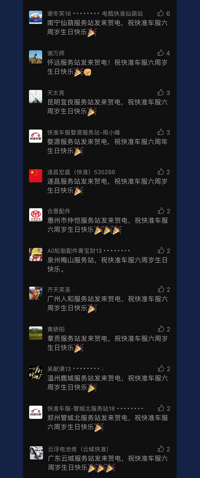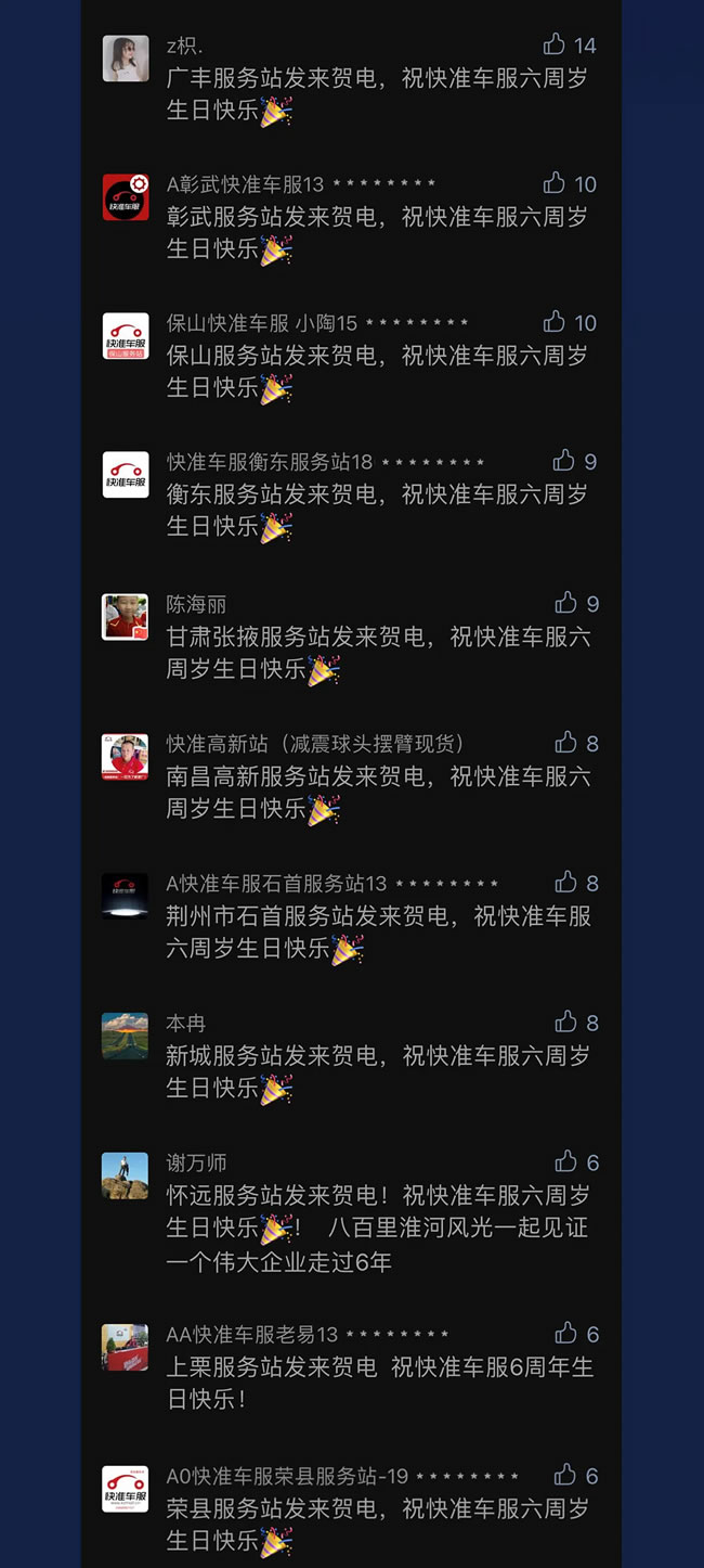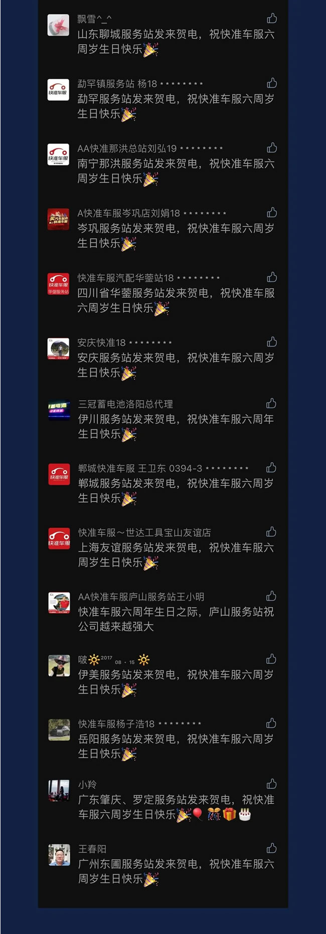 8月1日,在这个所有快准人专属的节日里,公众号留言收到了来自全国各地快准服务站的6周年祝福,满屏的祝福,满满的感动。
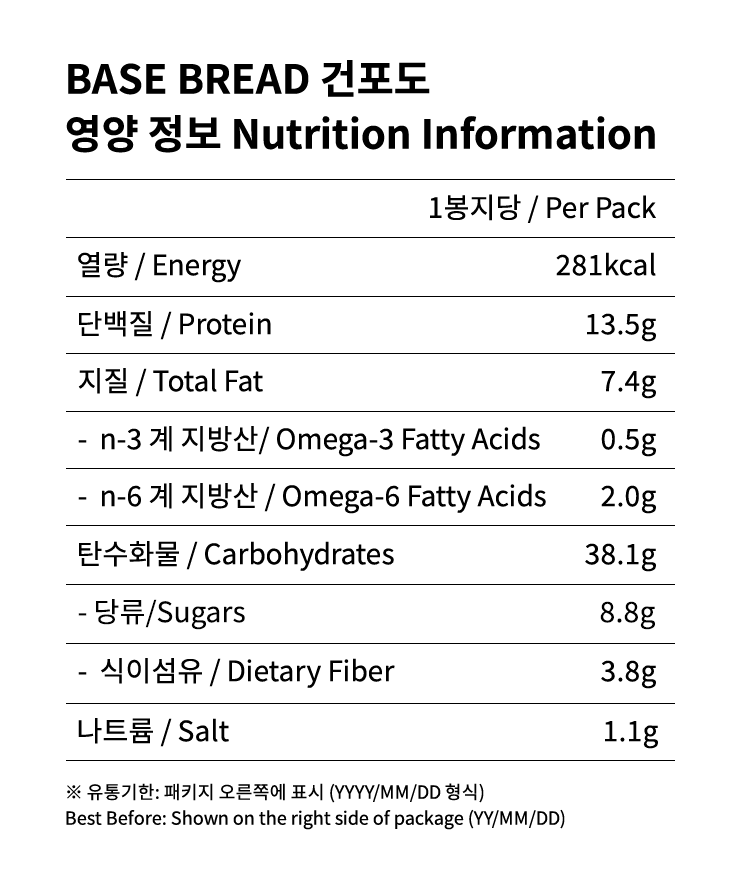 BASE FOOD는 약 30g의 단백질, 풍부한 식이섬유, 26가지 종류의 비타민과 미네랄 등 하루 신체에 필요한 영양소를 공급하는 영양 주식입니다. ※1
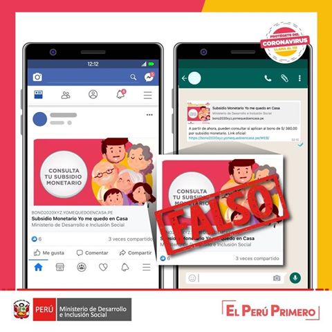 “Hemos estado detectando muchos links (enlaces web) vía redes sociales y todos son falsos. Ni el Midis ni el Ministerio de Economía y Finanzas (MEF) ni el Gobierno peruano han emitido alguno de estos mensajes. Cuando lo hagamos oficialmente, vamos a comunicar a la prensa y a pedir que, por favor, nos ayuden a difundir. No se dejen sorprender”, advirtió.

============================================================

WORK TO COMPLETE
Here the requirement is to restate exactly the line holding "BASE FOOD는 약" and every later line through the end of the material, omitting pictures.

ANSWER FOR THIS EXERCISE
 BASE FOOD는 약 30g의 단백질, 풍부한 식이섬유, 26가지 종류의 비타민과 미네랄 등 하루 신체에 필요한 영양소를 공급하는 영양 주식입니다. ※1
 “Hemos estado detectando muchos links (enlaces web) vía redes sociales y todos son falsos. Ni el Midis ni el Ministerio de Economía y Finanzas (MEF) ni el Gobierno peruano han emitido alguno de estos mensajes. Cuando lo hagamos oficialmente, vamos a comunicar a la prensa y a pedir que, por favor, nos ayuden a difundir. No se dejen sorprender”, advirtió.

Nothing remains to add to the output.